Не знал Яшка, что Харитон чудом не размозжил ему голову березовым стяжком, когда с морды одичавшего жеребчика срывались мотки кровавой пены.
Выехали из лесу на добрую дорогу, и Яшка, приглядевшись к хозяйскому сыну, понял, что тот не в себе.
— Коней пожалел? Конечно, свои. Вам дай волю, своих лошадей в конюшню запрете, а пахать станете на работниках.
— Не то мелешь, Яшка.
— Не то? Гляди-ко ты, не то. Не по-ученому, выходит, говорит Яшка. А Яшка по-другому не обучен. Яшка работник из работников и вилавиться не любит: у Яшки что на уме, то и на языке. Батя твой за копейку в церкви навалит. Я и ему сказывал так. А что не так-то, Харитон Федотыч? — Яшка, голодный и остервенелый, искал ссоры.
— Я тебя, Яшка, упреждаю: будешь при мне тиранить скотину, зашибу как мокрицу. На нас злобишься, а скотина виноватая.
Яшка так весь и дернулся, чтобы опоясать Харитошку витой плетью, да удержался на последней грани, но обнадежил:
— Ты от меня не уйдешь, кулацкий выродок! — и больше ни слова не сказал за всю дорогу. А потом стал приглядываться к Харитону и увидел в его длинных и тощих руках что-то действительно хваткое, опасное: и зашибет, стервец. Но бить коней Яков перестал.
Пока Харитон подходил да осматривал жеребчика, совсем заматеревшего, с широкой спиной, в открытое окно избы разглядывали самого Харитона. И вдруг забухали двери в избе, кто-то просыпал каблучную дробь по ступенькам, топот у ворот. Харитона схватили в объятья, стали обнимать, тискать, кто-то тыкался мокрой сивушной бородой прямо в губы.
Едва Харитон отбился от пьяных, оправился, поднял с земли свой мешок, упавший с плеча в сутолоке. Вокруг толклись Ванюшка Волк, Егор Сиротка, Аркашка Оглоблин, бабы, старухи. Только сторонки держался Рямок Титушко, в новой красной рубахе распояской, в холщовых портах и как всегда босой.
— Эко, эко, напали. Схлынь, говорю. Схлынь, окаянные, схлынь. — В воротах появился сам Федот Федотыч Кадушкин, мужик рослый, надломленный в пояснице, и потому особенно рукастый. У него густые, с прямым подрезом усы и крепкий раздвоенный подбородок. Глаза посажены мелко, круглы, востры. Ходит Кадушкин загребом, землю под шаг берет широко. Подошел к сыну степенно, оглядел и обнял тоже взагреб.
— Вот, мужики, — сказал наконец, отпустив сына, и, не найдя далее слов, осекся, счастливо обмяк. Бабы единодушно вздохнули, засморкались в свои запоны.

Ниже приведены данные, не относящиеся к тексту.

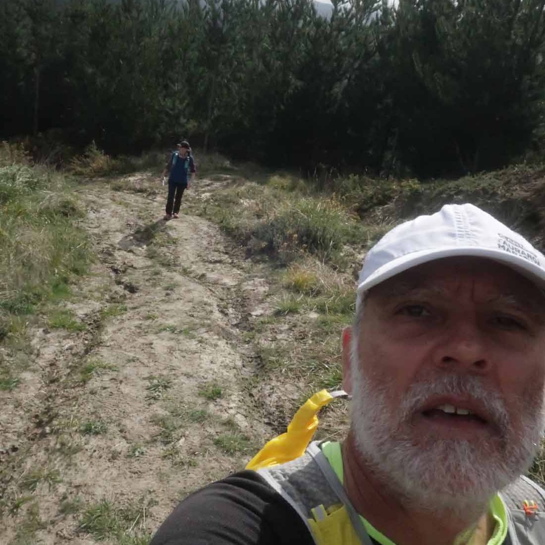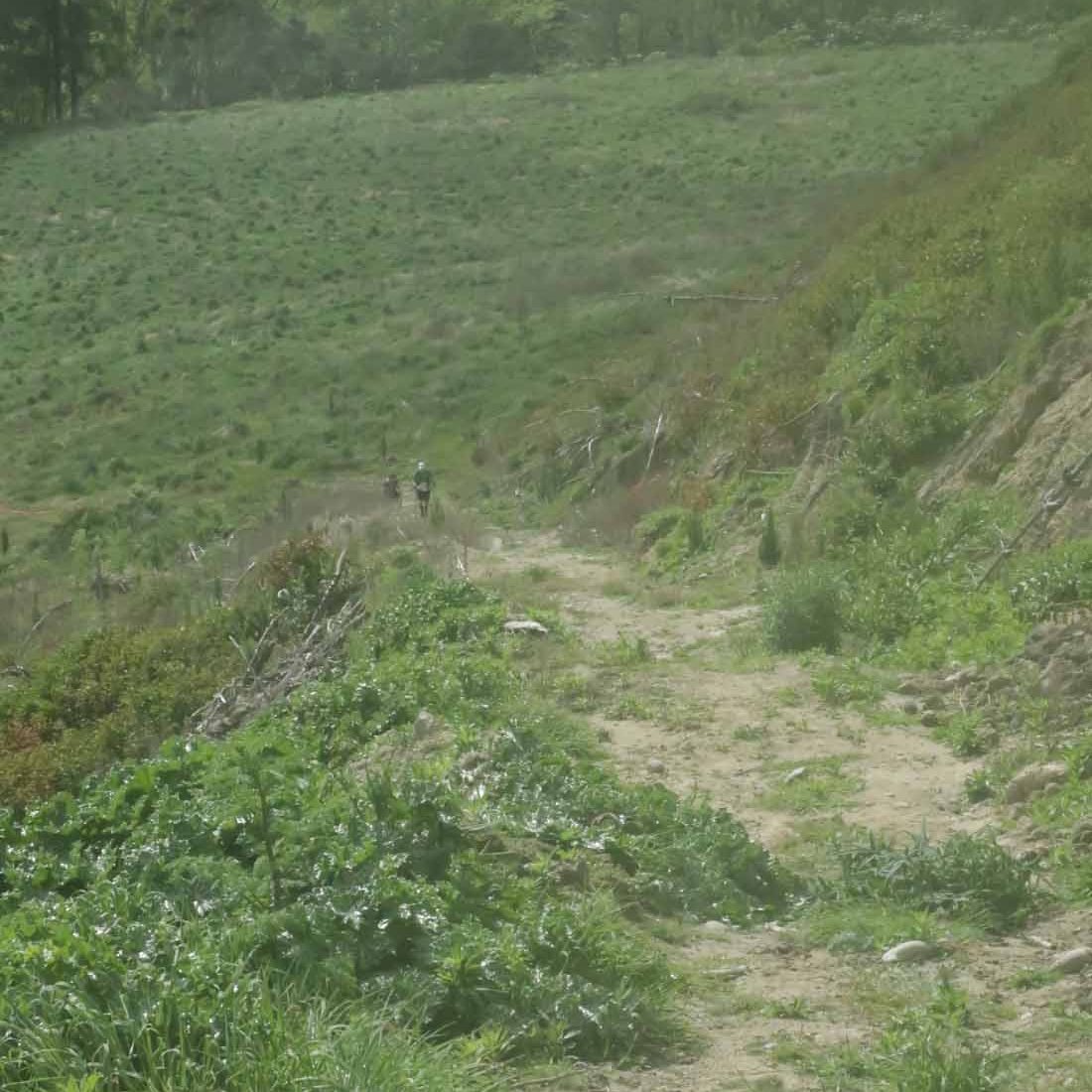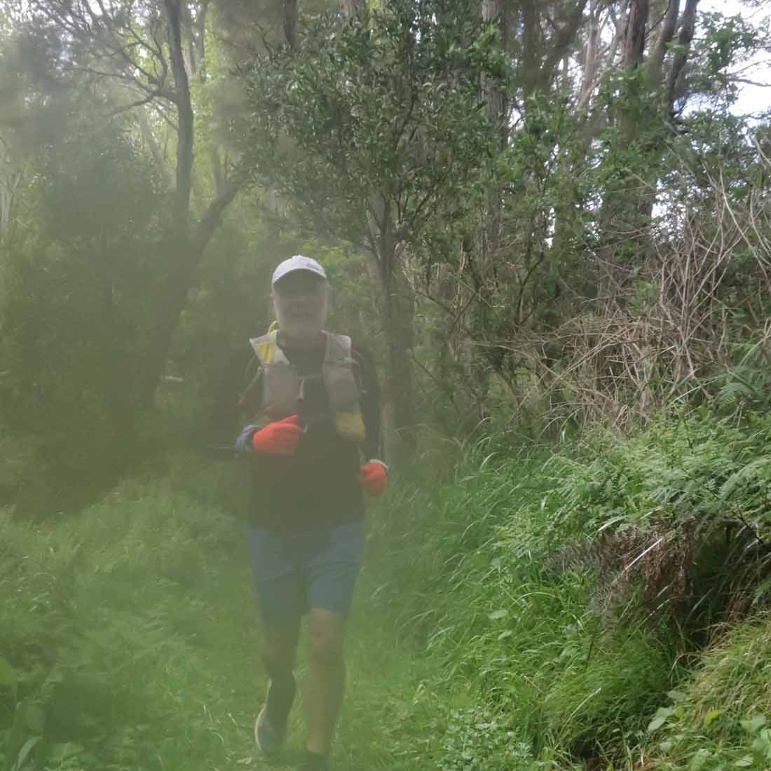After some running on undulating gravel roads, we started heading down the mountain on a grassy single track. Being wet made it slippery and no sooner did ‘slipping’ cross my mind, when Gerry landed on his arse. Luckily no damage done, and we could carry on down the steep downhill. These were also too steep to run. Whether going up or down, the incline was challenging to run on. At least for me, in my current state. Others were of course flying down the mountain.

— Теперь что, мужики, — как-то разом окрепился Федот Федотыч, повеселел: — Кто волен, милости прошу, — и, наклонившись к Егору Сиротке, шепнул, чтобы тот непременно был с гармошкой.
— Живой рукой, который, — подхватился Егор и приплясом пошел по двору.
Вечером в доме Кадушкина был затеян пир. Из открытых окон валило горячей скоромщиной, квашеной капустой, табаком. Пшеничную водку облегчали клюквенным настоем. Ко второму столу подали свежую убоину — Федот Федотыч распорядился завалить кабана.
Егор резал на своей звонкой тальянке скудные плясовые наигрыши: то да по тому, то да по тому. Жена его, Ефросинья, с жирными подмышками и набрякшим сосредоточенным лицом, черпала густой навар из блюда — ложку себе да ложку мужу; также и мяса — кусок себе, кусок Егору, а Егор и жевал, и играл, и еще уловчался петь:
Николай, давай попляшем.
Николай, давай попляшем.
Ни-ко-лааа-юшка…
За спиной у них сутолочились ребятишки, отбивая друг у друга подачки и жадно сверкая белозубыми ртами. Их тонкие загорелые ручонки, с острыми ногтями, так и мелькали, схватываясь из-за куска.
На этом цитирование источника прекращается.